### Exercise directions
Without including any picture, copy the entries that follow word for word.

### Given entries
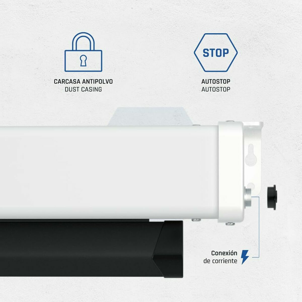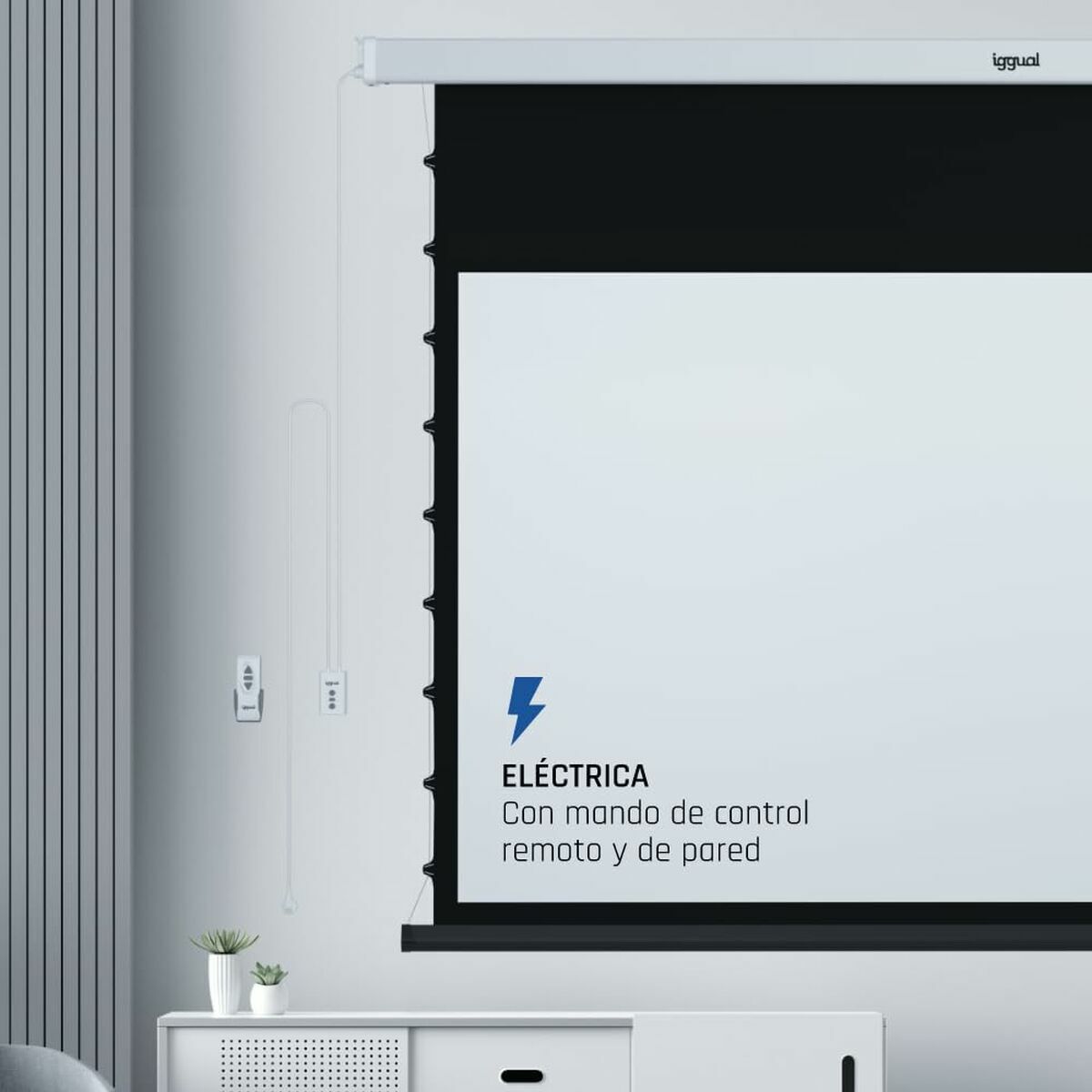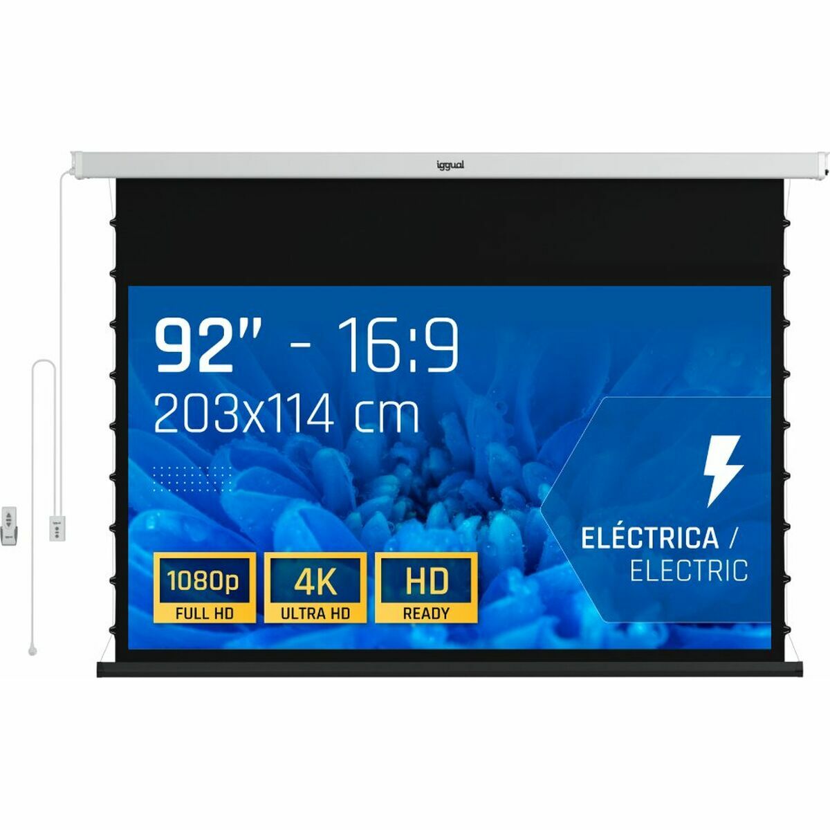 The iggual Wall-Mounted Electric Screen is a versatile and practical solution for audiovisual setups in professional or home environments. This projection screen features a 16:9 format, ideal for viewing high-definition content, with overall dimensions of 203 x 114 cm providing a useful diagonal surface of 92 inches, perfect for presentations, home cinema, or any type of multimedia projection. Its matte white frame ensures visual integration with any décor, offering a clean and minimalist finish. Made with high-quality fabric suitable for capturing images with good contrast and faithful color reproduction, this screen connects directly to the power supply at 230 V, guaranteeing automated and silent deployment and retraction for greater convenience and durability. Additionally, it includes a remote control that allows operation without physical handling, enhancing usability and adapting to different space configurations. It also offers USB connectivity, a feature that can facilitate future upgrades or integration with external systems. Overall, this screen represents a balanced and functional option for users needing quality widescreen projection, easy handling, and a discreet design that fits various settings. Its combination of size, format, and automation positions it as an effective tool for professional audiovisual presentations or enjoying multimedia content in private spaces.
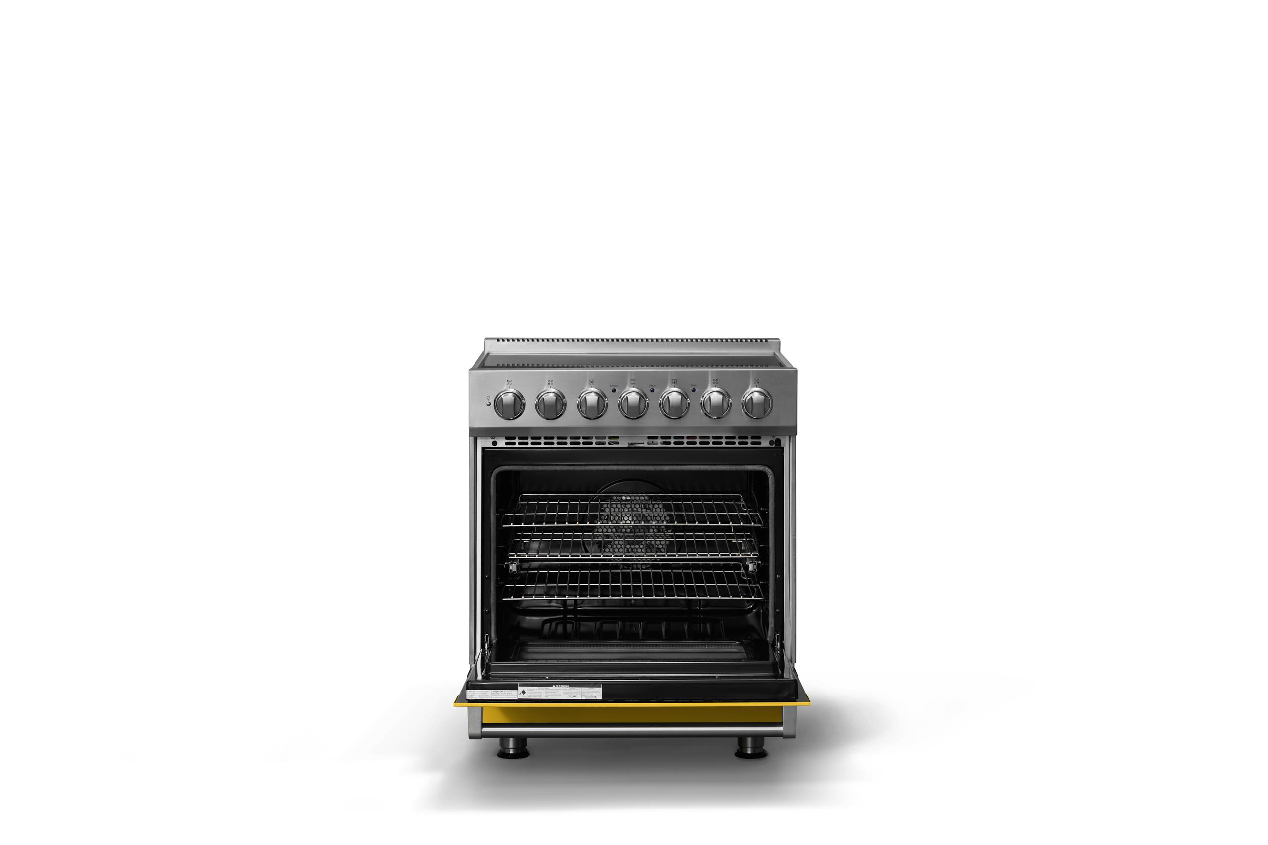 • Exclusive - Large-capacity oven has six porcelain-coated rack supports and comes standard with one heavy-duty TruGlide full extension oven rack and two standard racks
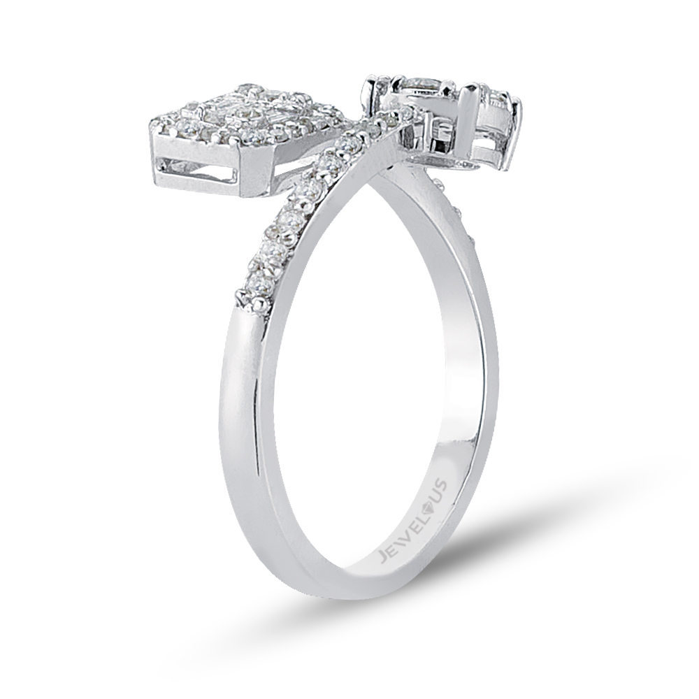 Edler Blickfang – dieser MEINSCHMUCK Diamantring mit offner Ringschiene und exklusivem Steinbesatz. Die offene zueinanderlaufende Ringschiene aus 585er Weißgold ist am Ende einem kreisrundem und quadratischen Zierelement geziert. Diese sind vollständig mit Brillanten (ca. 0,56ct.) im Brillant- und Baguetteschliff bestückt. Zudem wird etwa die Hälfte der Ringschiene von strahlend weißen Diamanten geziert. Die schmale Ringschiene gewährleistet ein angenehmes Tragegefühl. Dieser wunderschöne Brillantring eignet sich auch wunderbar als Antragsring!
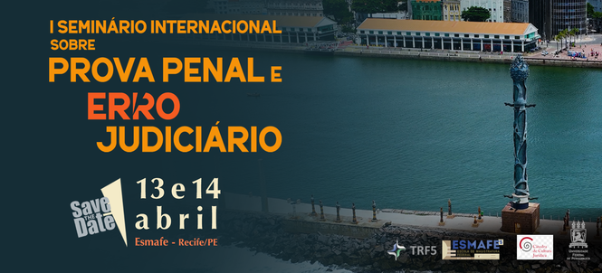 A Escola de Magistratura Federal da 5ª Região (Esmafe) sediará, nos dias 13 e 14 de abril, o I Seminário Internacional sobre Prova Penal e Erro Judiciário. O evento reunirá juristas, pesquisadores e magistrados do Brasil e do exterior, para promover o debate sobre o erro judiciário e suas consequências, bem como possibilitar o intercâmbio de experiências sobre a matéria. A coordenação das atividades é do desembargador federal Fernando Braga, do Tribunal Regional Federal da 5ª Região (TRF5).
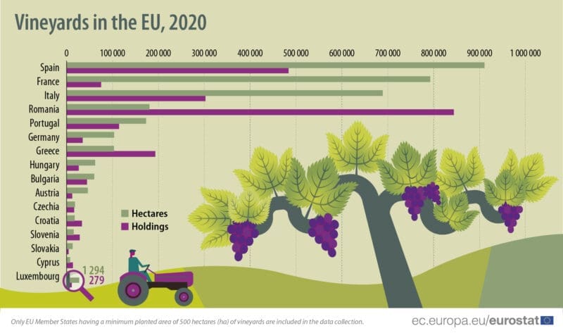 Spanje, Frankrijk en Italië waren samen goed voor driekwart (74,9%) van het wijnbouwareaal in de EU en ongeveer twee vijfde (38,7%) van de wijnbouwbedrijven in 2020. Roemenië had echter het hoogste aantal wijnbouwbedrijven in de EU (0,8 miljoen bedrijven, wat overeenkomt met 37,9% van het EU-totaal in 2020).
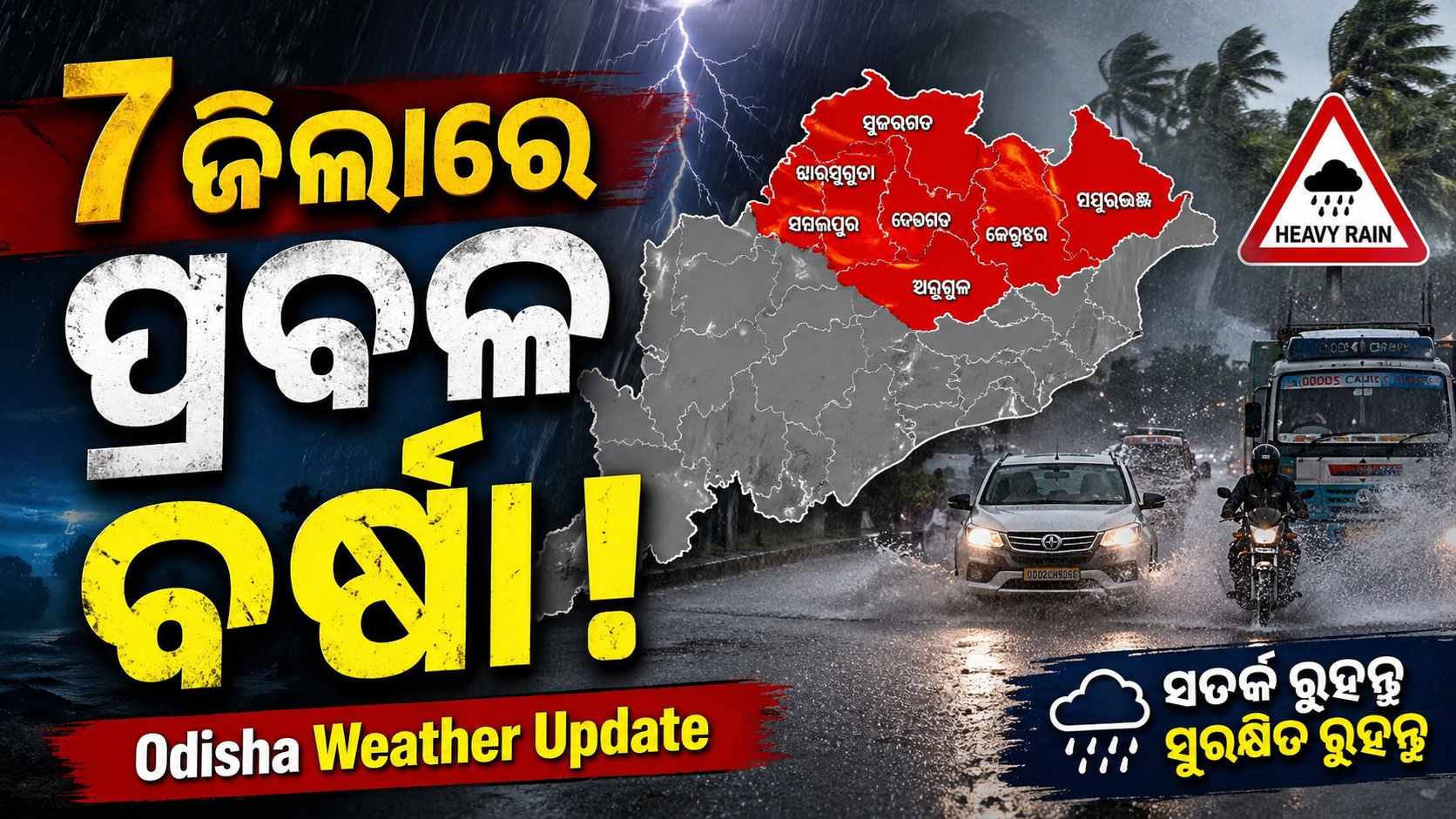 ଆସନ୍ତା ୨୪ ଘଣ୍ଟାରେ ୭ ଜିଲ୍ଲା ସୁନ୍ଦରଗଡ, କେନ୍ଦୁଝର, ମୟୂରଭଞ୍ଜ, ବାଲେଶ୍ୱର, ଭଦ୍ରକ, ଗଞ୍ଜାମ ଓ ଗଜପତି ଜିଲ୍ଲାରେ ପ୍ରବଳ ଝଡ଼ ବର୍ଷା ନେଇ ଅରେଞ୍ଜ ଆଲର୍ଟ ଜାରି କରାଯାଇଛି। କେତେକ ସ୍ଥାନରେ ହଠାତ୍ ପାଗ ବଦଳିପାରେ। କିଛି ସ୍ଥାନରେ ପ୍ରବଳରୁ ଅତି ପ୍ରବଳ ବର୍ଷା ହେବା ନେଇ ପୂର୍ବାନୁମାନ କରିଛି ପାଣିପାଗ ବିଭାଗ । ଏହି ସମୟରେ ଘଣ୍ଟା ପ୍ରତି ୫୦ ରୁ ୬୦ କିଲୋମିଟର ବେଗରେ ପବନ ବହିବାର ସମ୍ଭାବନା ରହିଛି।

### Output below
 The iggual Wall-Mounted Electric Screen is a versatile and practical solution for audiovisual setups in professional or home environments. This projection screen features a 16:9 format, ideal for viewing high-definition content, with overall dimensions of 203 x 114 cm providing a useful diagonal surface of 92 inches, perfect for presentations, home cinema, or any type of multimedia projection. Its matte white frame ensures visual integration with any décor, offering a clean and minimalist finish. Made with high-quality fabric suitable for capturing images with good contrast and faithful color reproduction, this screen connects directly to the power supply at 230 V, guaranteeing automated and silent deployment and retraction for greater convenience and durability. Additionally, it includes a remote control that allows operation without physical handling, enhancing usability and adapting to different space configurations. It also offers USB connectivity, a feature that can facilitate future upgrades or integration with external systems. Overall, this screen represents a balanced and functional option for users needing quality widescreen projection, easy handling, and a discreet design that fits various settings. Its combination of size, format, and automation positions it as an effective tool for professional audiovisual presentations or enjoying multimedia content in private spaces.
 • Exclusive - Large-capacity oven has six porcelain-coated rack supports and comes standard with one heavy-duty TruGlide full extension oven rack and two standard racks
 Edler Blickfang – dieser MEINSCHMUCK Diamantring mit offner Ringschiene und exklusivem Steinbesatz. Die offene zueinanderlaufende Ringschiene aus 585er Weißgold ist am Ende einem kreisrundem und quadratischen Zierelement geziert. Diese sind vollständig mit Brillanten (ca. 0,56ct.) im Brillant- und Baguetteschliff bestückt. Zudem wird etwa die Hälfte der Ringschiene von strahlend weißen Diamanten geziert. Die schmale Ringschiene gewährleistet ein angenehmes Tragegefühl. Dieser wunderschöne Brillantring eignet sich auch wunderbar als Antragsring!
 A Escola de Magistratura Federal da 5ª Região (Esmafe) sediará, nos dias 13 e 14 de abril, o I Seminário Internacional sobre Prova Penal e Erro Judiciário. O evento reunirá juristas, pesquisadores e magistrados do Brasil e do exterior, para promover o debate sobre o erro judiciário e suas consequências, bem como possibilitar o intercâmbio de experiências sobre a matéria. A coordenação das atividades é do desembargador federal Fernando Braga, do Tribunal Regional Federal da 5ª Região (TRF5).
 Spanje, Frankrijk en Italië waren samen goed voor driekwart (74,9%) van het wijnbouwareaal in de EU en ongeveer twee vijfde (38,7%) van de wijnbouwbedrijven in 2020. Roemenië had echter het hoogste aantal wijnbouwbedrijven in de EU (0,8 miljoen bedrijven, wat overeenkomt met 37,9% van het EU-totaal in 2020).
 ଆସନ୍ତା ୨୪ ଘଣ୍ଟାରେ ୭ ଜିଲ୍ଲା ସୁନ୍ଦରଗଡ, କେନ୍ଦୁଝର, ମୟୂରଭଞ୍ଜ, ବାଲେଶ୍ୱର, ଭଦ୍ରକ, ଗଞ୍ଜାମ ଓ ଗଜପତି ଜିଲ୍ଲାରେ ପ୍ରବଳ ଝଡ଼ ବର୍ଷା ନେଇ ଅରେଞ୍ଜ ଆଲର୍ଟ ଜାରି କରାଯାଇଛି। କେତେକ ସ୍ଥାନରେ ହଠାତ୍ ପାଗ ବଦଳିପାରେ। କିଛି ସ୍ଥାନରେ ପ୍ରବଳରୁ ଅତି ପ୍ରବଳ ବର୍ଷା ହେବା ନେଇ ପୂର୍ବାନୁମାନ କରିଛି ପାଣିପାଗ ବିଭାଗ । ଏହି ସମୟରେ ଘଣ୍ଟା ପ୍ରତି ୫୦ ରୁ ୬୦ କିଲୋମିଟର ବେଗରେ ପବନ ବହିବାର ସମ୍ଭାବନା ରହିଛି।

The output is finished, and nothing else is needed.